Next, we examined EZH1/2 expression and H3K27me3 levels in liver cancer cells treated with sorafenib. Unexpectedly, Western blotting showed increased H3K27me3 levels and concomitantly decreased phospho-Akt levels (Fig. 4A). However, only minimal changes were observed in the EZH1/2 protein. An increase in levels of cleaved PARP, a marker of apoptosis, was detected in a dose-dependent manner. Since it was possible that sorafenib treatment caused an ubiquitous downregulation of UTX, a demethylase for H3K27, RT-qPCR demonstrated that UTX expression was rather upregulated in a dose-dependent manner (Fig. 4B).
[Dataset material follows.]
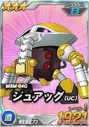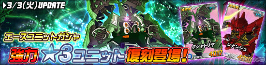 エースユニットガシャに、「★3 クシャトリヤ」、「★3 シナンジュ」、「★3 ジュアッグ(UC)」、「★3 ゾゴック(UC)」など、強力なユニットが多数登場した。スペシャルウェポンとして「★3 クシャトリヤ」は「ファンネル」を、「★3 シナンジュ」は「ウェポン・コンビネーション」を搭載する強力なユニットとなっているので、ぜひとも手に入れよう。
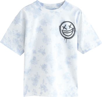 A blue-sky tie dye provides a happy background for the graffiti smile stamped on this all-cotton T-shirt.

It has been reported that Akt phosphorylates EZH2 at serine 21 (Ser21) and inhibits its enzyme activity for H3K27me321. Consistently, immunocytochemical staining analyses using a phospho-specific antibody, revealed that phosphorylation of EZH2 at Ser21 remarkably decreased in HCC cells treated with sorafenib and regorafenib (Fig. 4C), suggesting augmented enzymatic activity of EZH2 upon sorafenib treatment. Concordant with these findings, Western blotting demonstrated that sorafenib treatment resulted in a decrease in phosphorylated levels of EZH2 (Ser21), but not EZH2 at threonine 311 (Thr311) in Huh7 cells in a dose-dependent manner (Fig. 4D). These findings indicate that phosphorylation of EZH2 might occur in a site-specific manner.

Figure 4
figure 4

An increase in H3K27me3 levels caused by sorafenib in liver cancer cells. (A) Cells treated with sorafenib in varying concentration for 48 h were subject to Western blot analyses. The arrow indicates the cleaved form pf PARP. RI was shown as the means of three independent experiments. (B) Real-time PCR analyses of the UTX expression in cells treated with sorafenib for 48 h (Student’s t test, *p < 0.01, **p < 0.05) (C) Immunocytochemical analyses for phospho-EZH2 at serine 21 (Ser21) (red) and DAPI (blue) after treatment of Huh7 cells with sorafenib (5 μM) and regorafenib (5 μM) for 48 h. Scale bar = 50 µm. (D) Cells treated with sorafenib and GSK126 or UNC1999 were subjected to Western blot analyses.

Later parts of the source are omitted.